What do you do when you live in Jerusalem, are rejected by both the Palestinians and the Israelis, are dirt poor, and come from an ethnically mixed heritage?

Below is an excerpt from an article written by Amoun Sleem and published in the July 28th issue of This Week in Palestine:

The Gypsies of Jerusalem remain a community infused by musical rhythms and song in keeping with Gypsy tradition, but have abandoned their nomadic habits in favour of a more sedentary lifestyle. They have made their home in Jerusalem for over 400 years. Originally settling in an area outside the Old City called Wadi Al-Joz, the Dom later moved to a small neighbourhood called Burj Al-Laqlaq within the walls of the Old City. An ethnic minority, the Dom community has suffered in silence throughout the decades of the Arab-Israeli conflict. Their numbers dwindled significantly during the battles surrounding the foundation of the State of Israel. The greatest exodus occurred during the war of 1967, which caused nearly half of the Dom population to seek refuge in Syria, Lebanon, and even India.

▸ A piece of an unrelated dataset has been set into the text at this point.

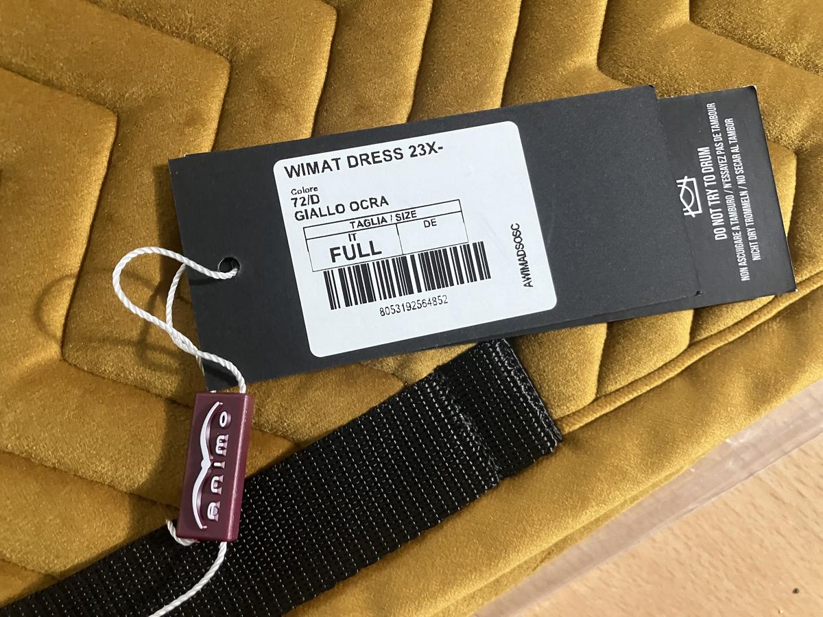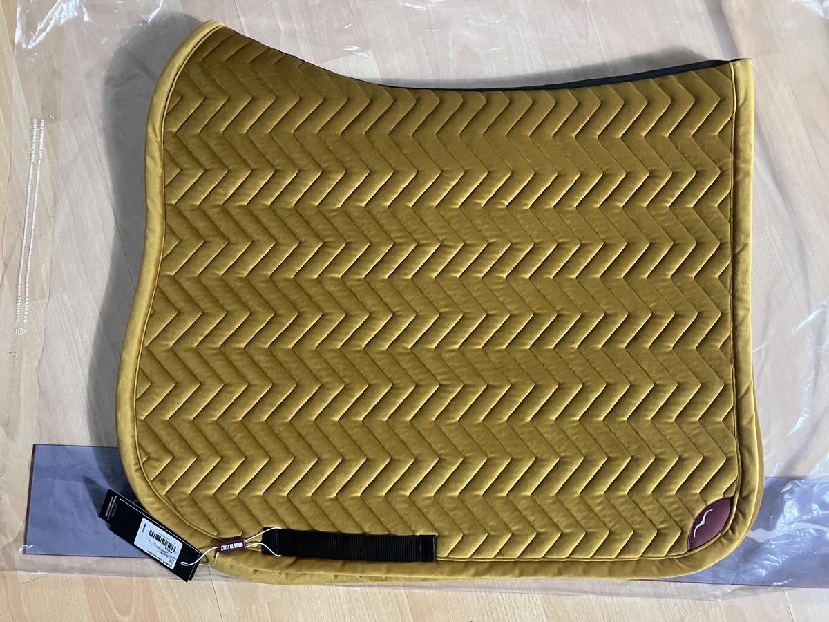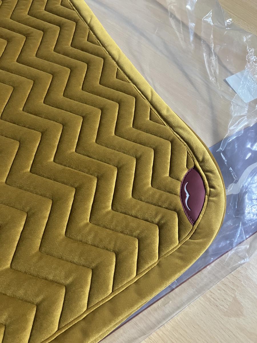 Tapis Wimat Animo, collection 2023, tissu velours, surpiqûre chevron, coloris giallo ocra.

Despite a deep-seated identification with Middle Eastern culture, the remaining two hundred families endure severe discrimination at the hands of Israelis and their Palestinian neighbours. Once lauded in Persian poetry as unparalleled entertainers, a series of cultural, political, and economic shifts have led the Dom to be regarded as despicable beggars. The shame of being a Gypsy is instilled at an early age when children enter school. Although the Dom consider themselves Palestinian, their non-Arab ethnicity elicits such intense abuse that nearly 60% of the Dom community has failed to complete elementary school. Unskilled and uneducated, the Dom are locked into a cycle of dire poverty and derision. The younger generation now prefers to assimilate fully into the surrounding Arab culture, spurning traditional dress, the Domari language, customs or anything else that might distinguish them as Gypsies.

I’ve also attached the latest edition of the Gypsy Wheel, the Domari Society newsletter:

Download domari_newsletter_summer_07.pdf

The good news is that the Domari Society, whose website is sadly out of date but at least active, has recently received some funding that brings them in off of the ledge of closing down their community center.  But the Domari remain very much in need of assistance– unfortunately, they are largely forgotten in the heat of the ethnic strife and intolerance that blights the wonder of Jerusalem and rivets the attention of the entire world.